力の入ったルポルタージュを読むのはいい刺激になる。
たまたまネットでめぐりあった『笑撃! これが小人プロレスだ』(高部雨市著/現代書館刊)もそんな1冊だ。
著者と小人プロレスとの邂逅から、選手や彼らをめぐるひとびととの対話を通じて、この現代ニッポンから意識的に忘れ去られた世界を描き出す。差別とはなにか? 生きたひとびとを隠蔽するかのような社会に生きるわれわれとは、そもそもがなにものなのか? 著者の葛藤は同時に読者の葛藤でもある……。
いくつか“衝撃”を受けたなかでつぎのくだりはどうか?
僕の住む町で、母親たちを集めた小さな講演会があった。招待された講師の先生は、こう語りかける。
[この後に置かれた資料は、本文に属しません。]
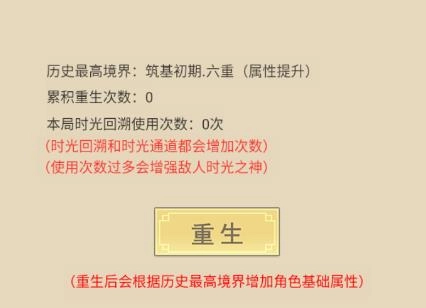 14、来到此处,或许不少玩家会遭遇失败,这并无大碍。无论是选择时光回溯,还是时光隧道,皆可解决,此功能能够无限次使用。随后,我们借助回溯的时间,接着刷秘境,提升境界。当时间来到道历6年,之前那只异兽便会再度袭来,要是抵御失败,就继续回溯时间。在将境界提升至金丹期后,可考虑重生一次(重生会依据历史最高境界增加属性,因此迟早都得重生)。倘若你愿意多花费些精力,也能等境界达到元婴期再重生,效果并无差别。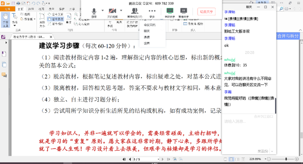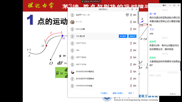 在授课平台的选择上,本来一开始我希望能够使用熟悉的“学习通”平台,但随着开课日近,网络拥堵崩溃时常发生,在试用了几个平台之后,我最终选择了“腾讯会议”系统作为授课平台,利用屏幕共享和聊天实现与同学们的交流。因为理论力学课程的特性,如果我仅仅布置学习任务由大家自学然后由我答疑的方法授课,我担心同学们因为缺乏跟老师的沟通而不能专注,所以我还是选择以直播的方式跟同学们相处2节课的时光。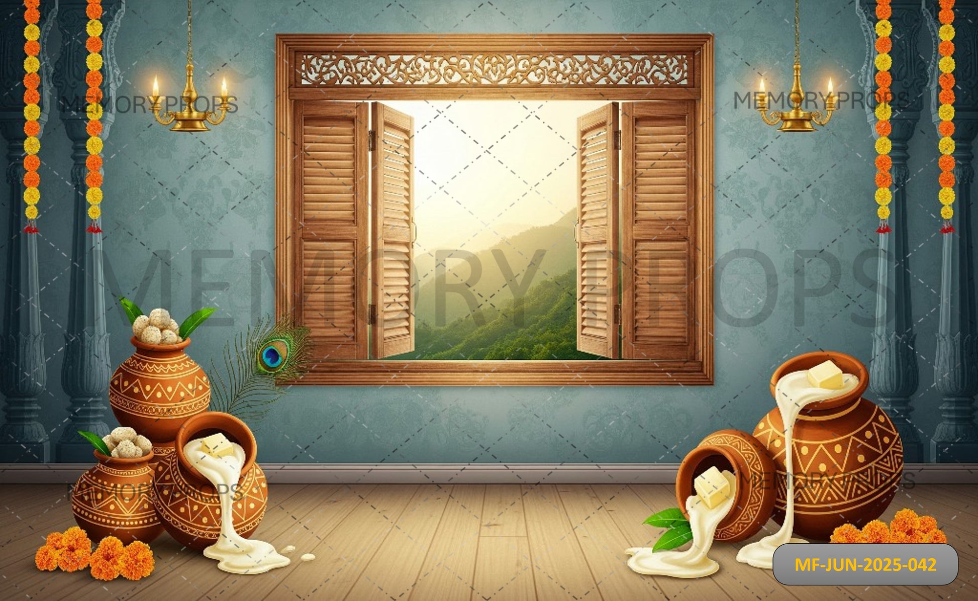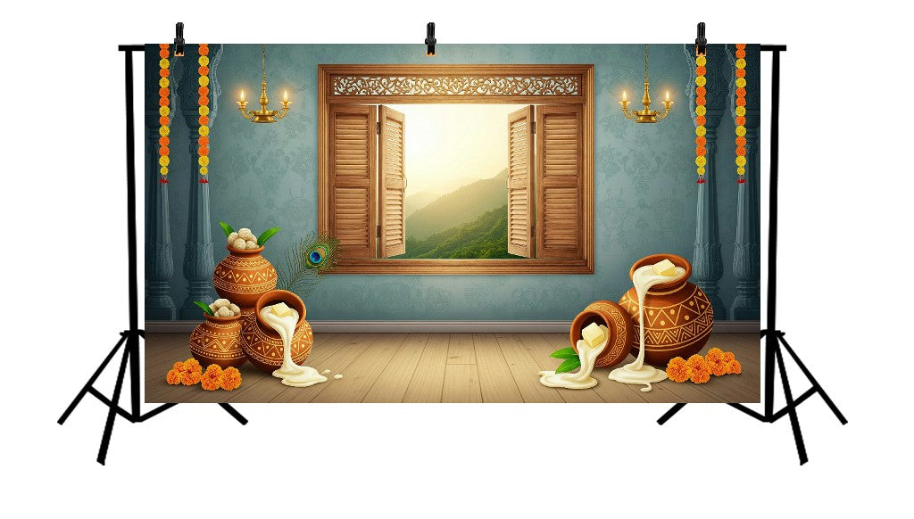 Celebrate the playful charm of little Krishna with this vibrant backdrop, showcasing the beloved Makhan Chor (Butter Thief) in action — surrounded by traditional pots, village textures, and a scene full of joy, mischief, and devotion. Perfect for Janmashtami celebrations, temple events, and Krishna-themed photo shoots that capture the essence of his childhood leelas.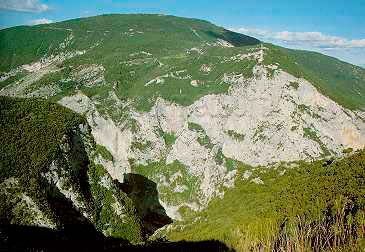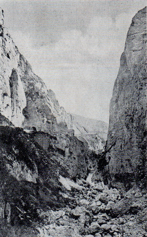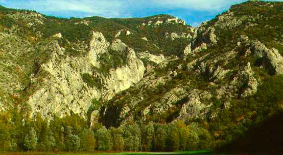 La Gola del Bosso nel tratto da Secchiano a Pianello di Cagli vista dal M. Petrano, settembre 1974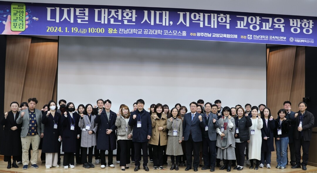 지난 1월 19일 열린 ‘기술혁신시대 교양교육의 방향’ 포럼 참가자들이 기념촬영을 하고 있다. 사진=전남대 제공 |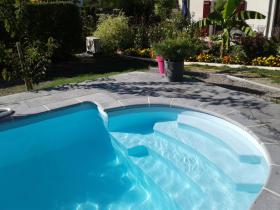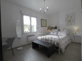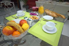 La chambre peut accueillir 2 personnes et un bébé et est située au rez-de-chaussée de la maison. Elle dispose de deux lits jumeaux, d'une télévision écran plat, d'un coin tisanerie (boulloire/café/thé/infusion), d'un espace lecture avec de nombreux livres, d'une salle d'eau avec spacieuse douche à l'italienne, d'un WC séparé. Petits déjeuners servis dans une véranda ouverte sur l'extérieur ou en terrasse selon la saison, un petit salon détente est également à disposition. De mai à septembre, accès à la piscine chauffée. Parking privatif et clos, jardin avec aménagements paysagers.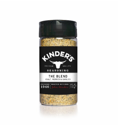 About Kinderâs The Blend Seasoning Over nearly 70 years, John Kinder perfected his own master blend of seasonings as a âgo-toâ for every day cooking. This recipe, Johnâs special recipe of salt, cracked pepper, and crunchy chunks of garlic is now available as The Blend. While it might sound simple, we think youâll find it works on all kinds of chicken, beef, fish, vegetables...just about anything. And once youâve tried it, we think youâll wonder how you lived without it. Kinder's: Handcrafted...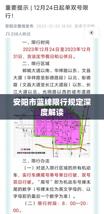 随着城市化进程的加速和交通拥堵问题的日益严重,越来越多的城市开始实施交通限行措施,作为河南省的一个重要城市,安阳市也推出了最新的蓝牌限行规定,本文将对安阳市蓝牌限行规定的最新内容进行详细解析,以便市民和游客更好地了解和遵守。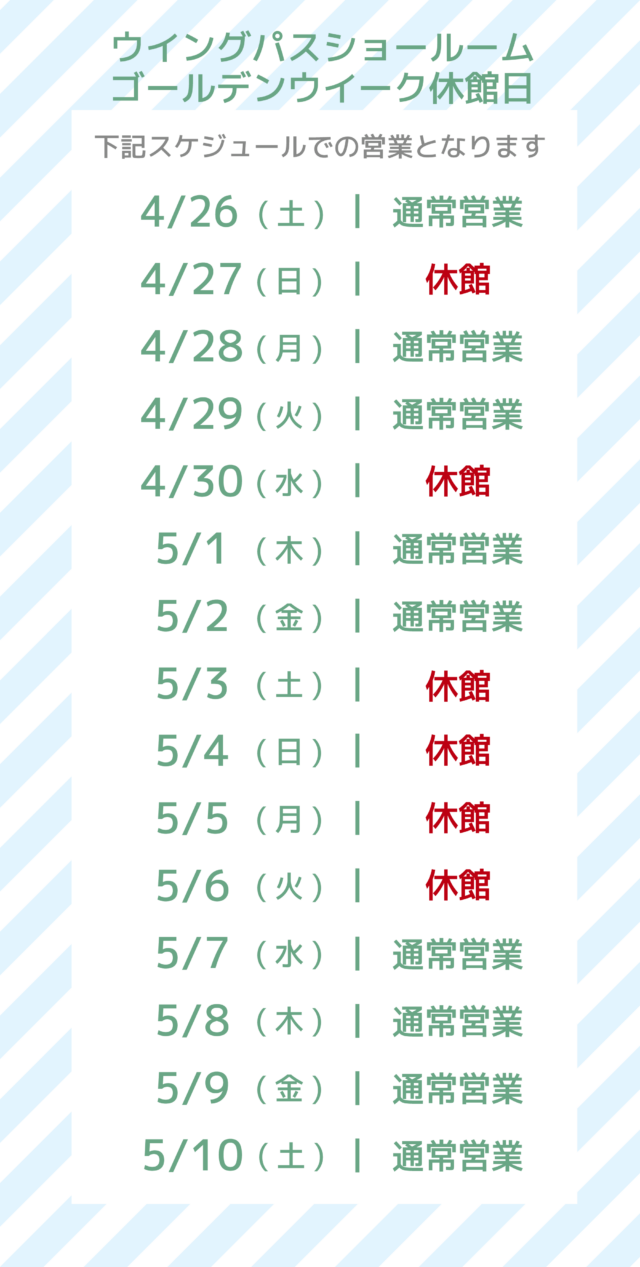 【ウイングパスショールーム ゴールデンウイーク休業のお知らせ】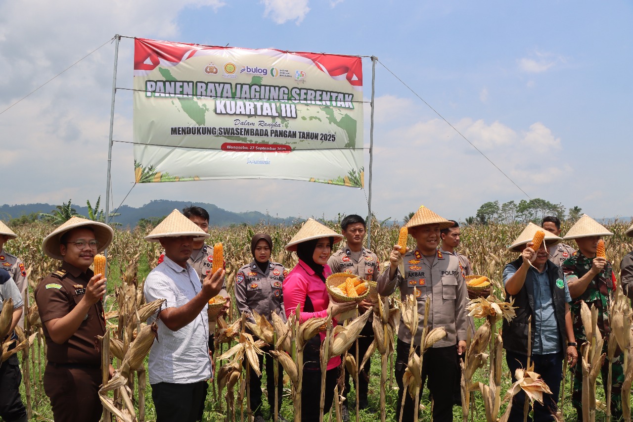 Sabtu (27/9/2025), Polres Wonosobo bersama Forum Komunikasi Pimpinan Daerah (Forkopimda) dan masyarakat Desa Surengede, Kecamatan Kertek, menggelar Panen Raya Jagung Serentak Kuartal III Tahun 2025 di lahan seluas 5.000 meter persegi di Dusun Wironalan.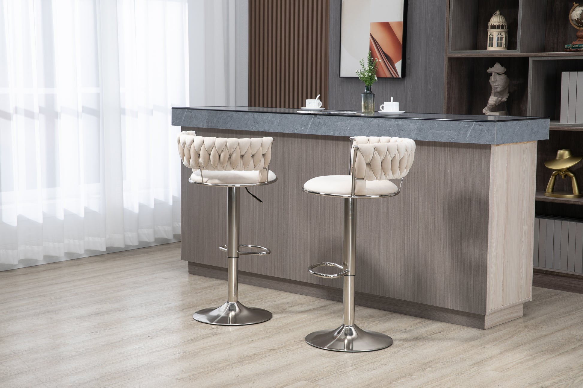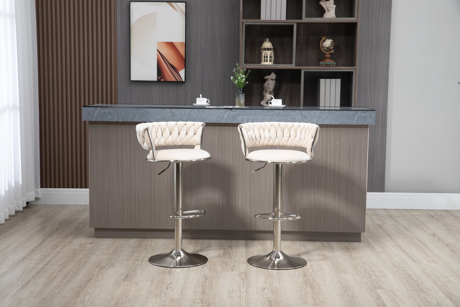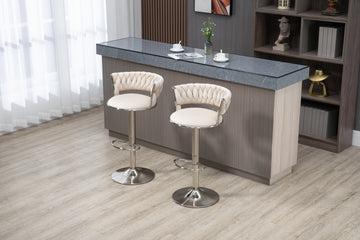 Coolmore Swivel Bar Stools Set Of 2 Adjustable Counter Height Chairs With Footrest For Kitchen, Dining Room 2Pc Set Ivory Polyester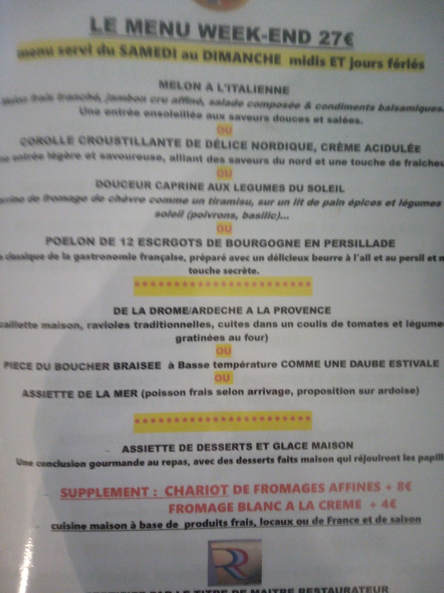 Menu servi le week-end et jours fériés entrée au choix + plat au choix + assiette de minis desserts Tiramisu Provençal ou Délices nordique ou Poêlon de 12 escargots de Bourgogne en persillade ou entrée du moment Magret de canard, jus miel et orange ou Pièce du boucher (suggestion sur ardoise) ou Assiette de la mer (suggestion sur ardoise) assiette de minis desserts maison Supplément dans ce menu Chariot de fromages affinés + 7 euros Faisselle de fromage blanc à la crème + 4 euros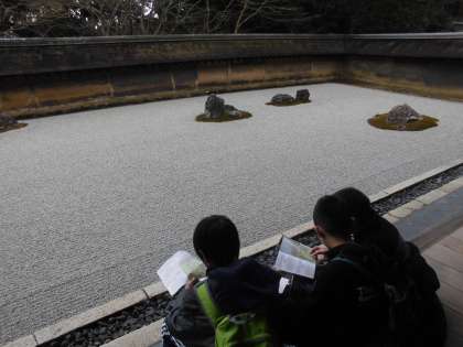 17日(金)に京都発見ラリーを行いました。京都市内にある世界遺産を市バスで巡りました。総合的な学習の時間で,自分達で行きたい場所を選択し,計画も自分達で立てました。途中,バスを乗り間違えたり,なかなか目的地にたどりつかずに困ったこともあったようですが,みんなで協力し全員無事に帰ってくることができました。「龍安寺がすごかった。」「金閣寺がすごくきれいだった。」と早速世界遺産の魅力に迫ることができた様子でした。とてもよい経験になった1日でした。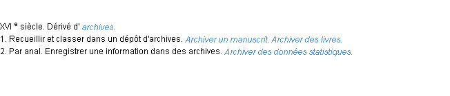 Définition développée dans dictionnaire académique, 1986.Merci à Perrine et Clementine pour la numérisation du mot archiver.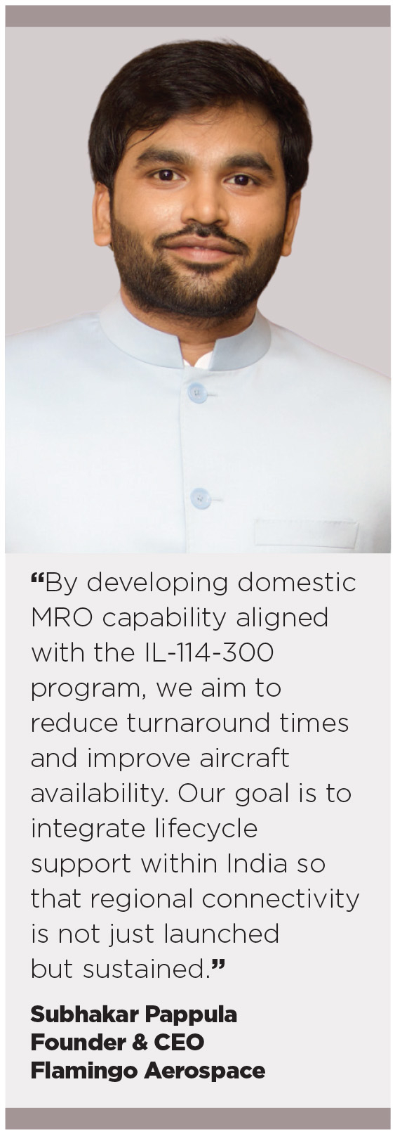 In India, MRO costs have historically been high because many aircraft types rely on overseas maintenance facilities. This increases ferry costs, downtime, and foreign exchange outflows. “By developing domestic MRO capability aligned with the IL-114-300 program, we aim to reduce turnaround times and improve aircraft availability,” says Subhakar.
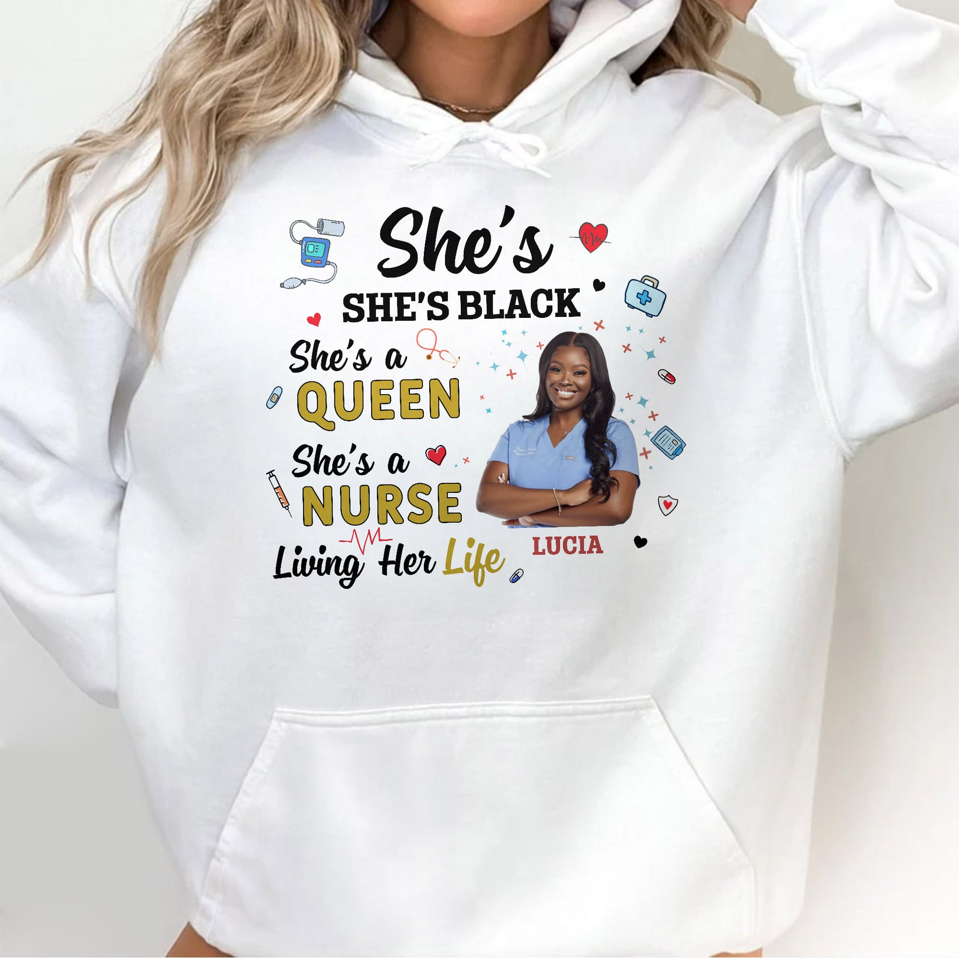 She's Black, She's a Queen, She's a Nurse Living Her Life - Personalized Custom Unisex T-shirt, Hoodie - NUR027_WBAS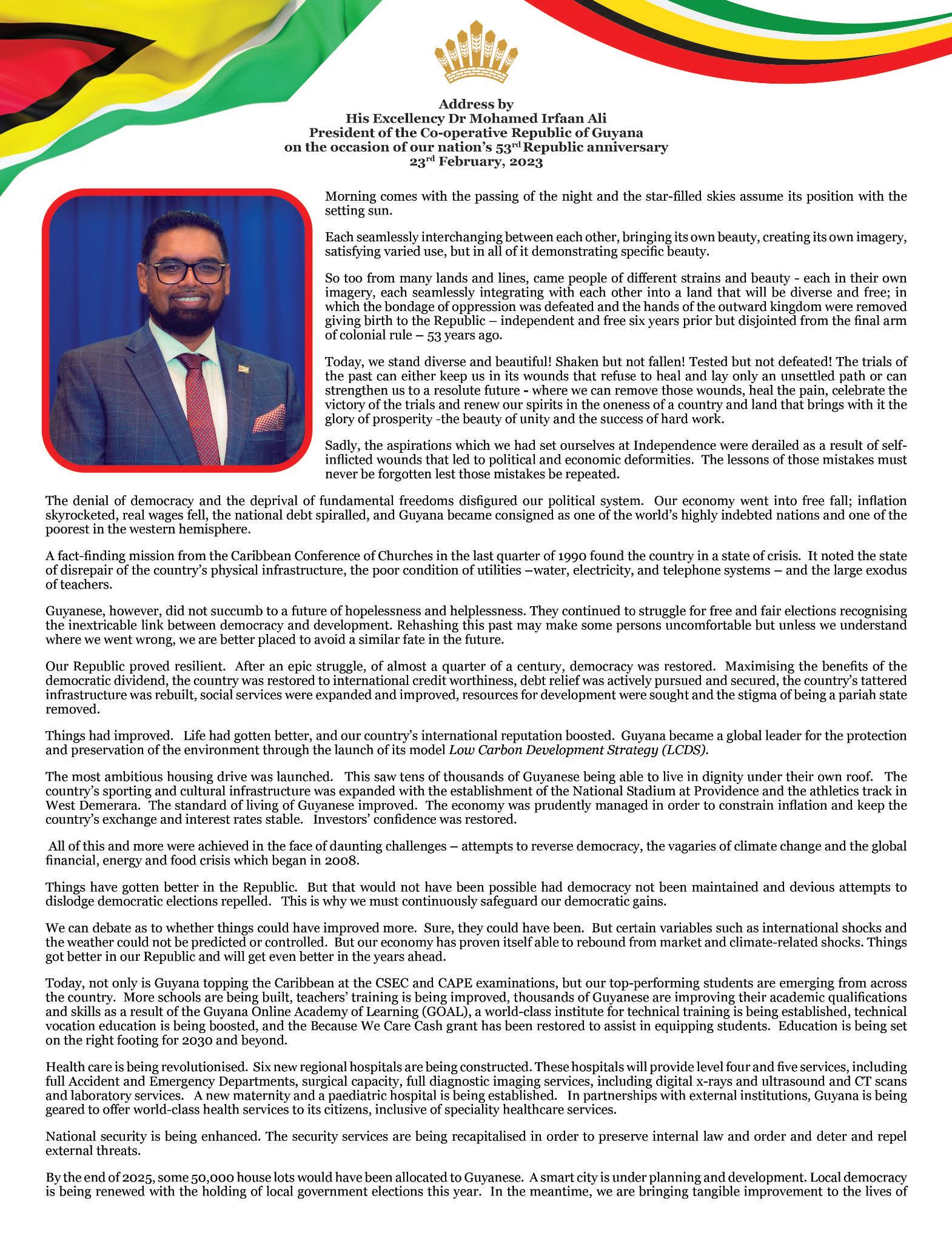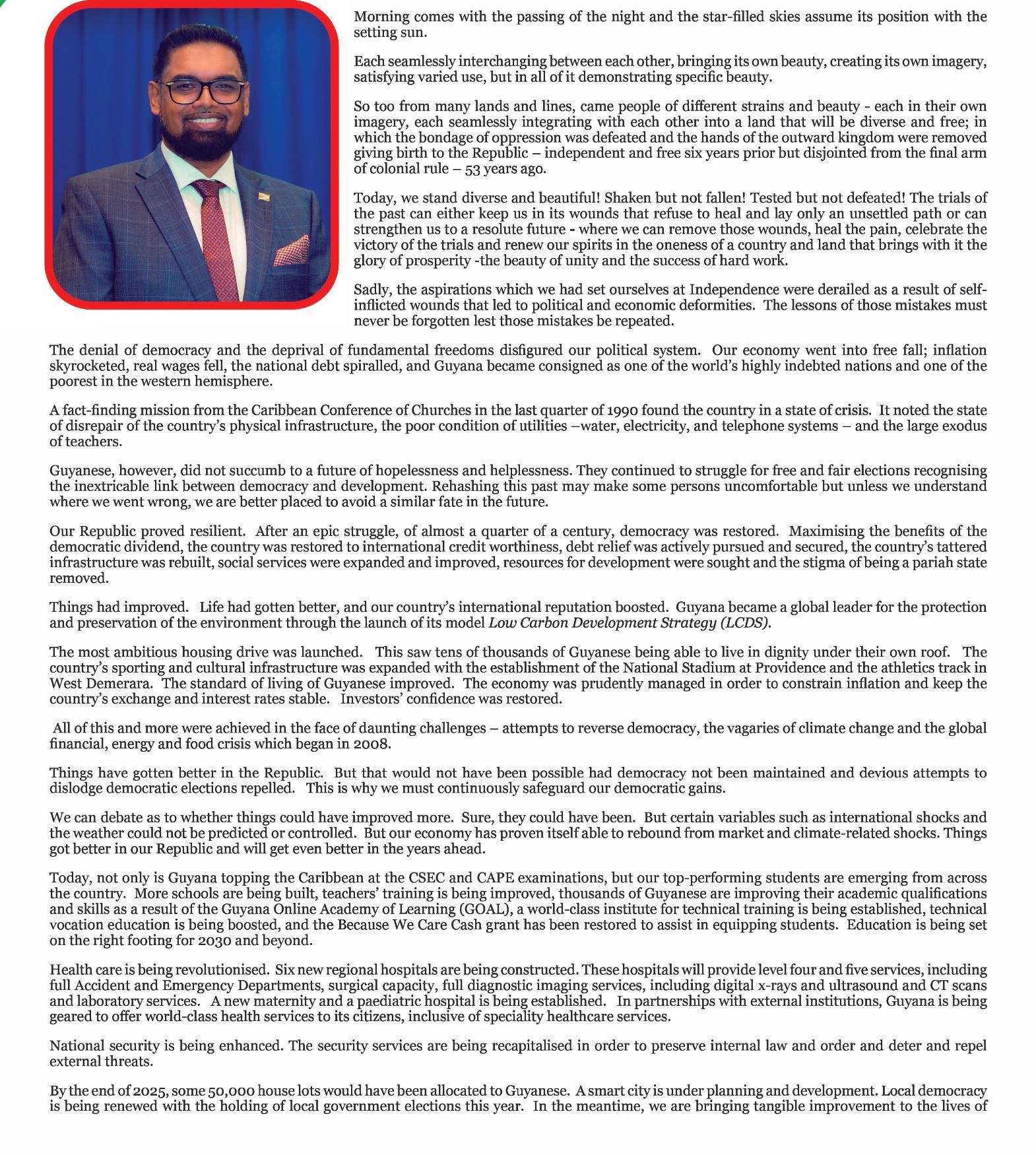 Byanymeasurement,GuyanaisayoungRepublic withmanypowerfulattributesitcanclaimasits own. Given our relative youth as a nation, and thevastnessofournaturalgifts,eachcitizenofthiscountry shouldbeamongtheenviedoftheworld. Whatshouldbe, and what is, are two different things, with the most regrettablegapexisting.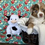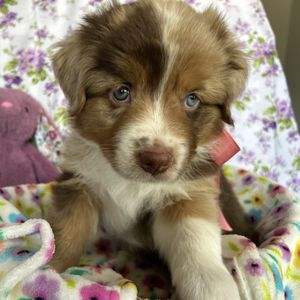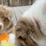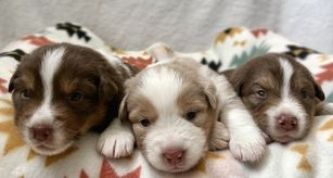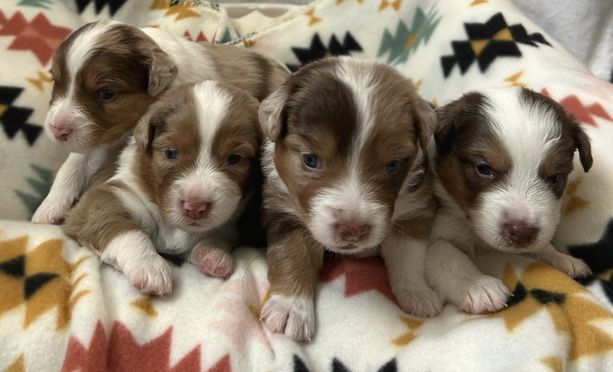 Our puppies include red merle and red tri-color. Colors will vary depending on the parent dogs.

「みなさん、みなさんはかわいそうな知恵遅れや重度障害者の施設を御覧になったことがありますか。もし御覧になっていないなら、ぜひ見学して下さい。彼らを見、そして理解して下さい。そうすれば、今の私たちが、なんて幸福なんだろうと思いますヨ。(中略)ぜいたくを言ってはきりがありません。みなさんは、今の幸福をかみしめるためにも、そういう施設の見学を、ぜひ、お勧めします」
集まった子供を持つ女性たちは、ひたすら頷いて、自らと自らの家族の、五体満足に生まれてきた幸福を実感したことだろう。(本書109〜110ページ)
そして、彼らを無視する側としてのテレビ。
彼らをテーマにしたドキュメンタリーを試みていたひとりの異端ともいえるプロデューサーの情熱は、放映という形で叶うことはなかった。
オンエアを拒否し許可しなかった責任者であるTさんの上司の回答がここにある。
1テーマが重すぎる
2テーマに社会性がない
3テーマに普遍性がない
「ハハハッ」と僕は悲しく笑う。
ただひと言、「そんなものテレビに出せるか!」と、吐き捨てればいいのに……。(同242ページ)
もうひとつだけ引用しておこう。
よく、差別なんて当たり前、なんて言い方をする人がいるけど、勝ち組にはイイけどね、負ける方にとっちゃたまらないですね。(同268ページ)
とまぁ、オレ自身もちょっとした偽善者なもので、本書を読みながらいろいろと考えてみては呻吟してみたり、しかし結論なんか出るわけもない。本書のなかでもふられているとおり、小人プロレスがレスラーたちの身体的特徴を見せ物にしたショウだという意見はたしかにあり、それに対して真っ向から異論をぶつけられるほどの経験も知識も覚悟もない。テレビ画面に彼ら(レスラーに限らず)を出そうものなら、「障害を見せ物にするな!」という投書が舞い込むともいう。それに対しても両論があろう。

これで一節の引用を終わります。